Many groups and scholars studying artificial intelligence have already started working on Physics-related AI am researching sensor remote AI.
Last March, Professor Jitendra Malik, who studies computer vision at the University of California, Berkeley, gave a lecture on sensorimotors and artificial intelligence. This was about a robot using its own senses to calculate the depth of its legs and other things to navigate obstacles and terrain, and then predicting the depth 1.5 seconds later and obtaining this as an image from the vision system.

▲Professor Jitendra Malik's keynote speech (Capture: UC Berkeley Events YouTube channel)
“The first day you see it moving awkwardly, the second day you see it climbing more stairs than before, and by the end you see the robot climbing all the way up,” he said.

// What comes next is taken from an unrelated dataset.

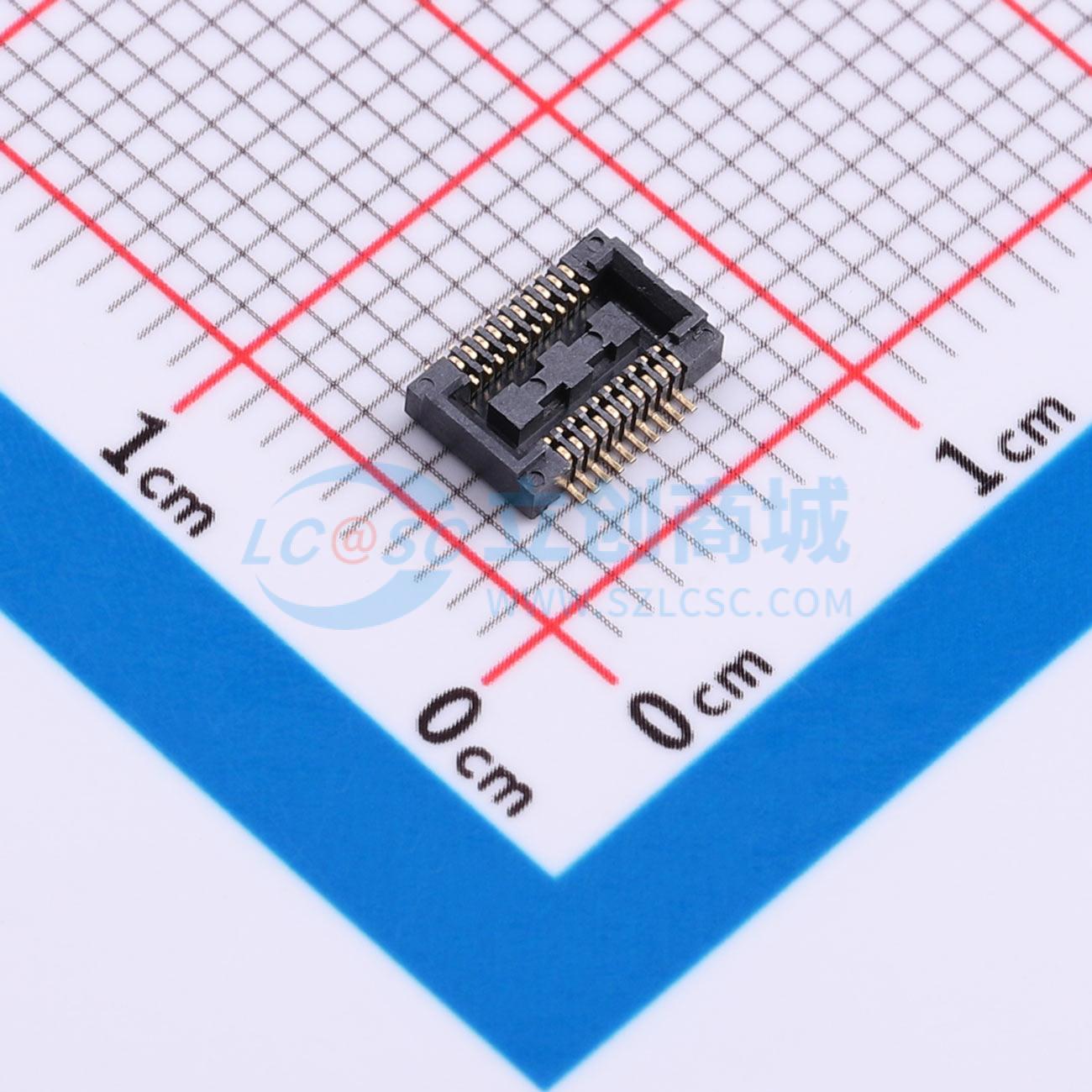 - 板对板连接器0.40mm Pitch 180º H1.5mm SMT型 母座 20Pin 黑色 镀全金1u",配套:公座

As active research is being conducted on applying sensor-remote-based AI to the robotics field, Professor Lee Kyung-moo said, “I think there will be ample opportunities and roles for vision researchers to go beyond the existing fragmented vision problems and develop highly complex intelligence that solves problems in real life.”
Additionally, Dr. Jongwook Kim (OpenAI technical staff), who attended the panel, predicted, “Ultimately, if self-supervised computer vision is added, there will be many more things that can be extracted through visual data, such as the way children see the world.”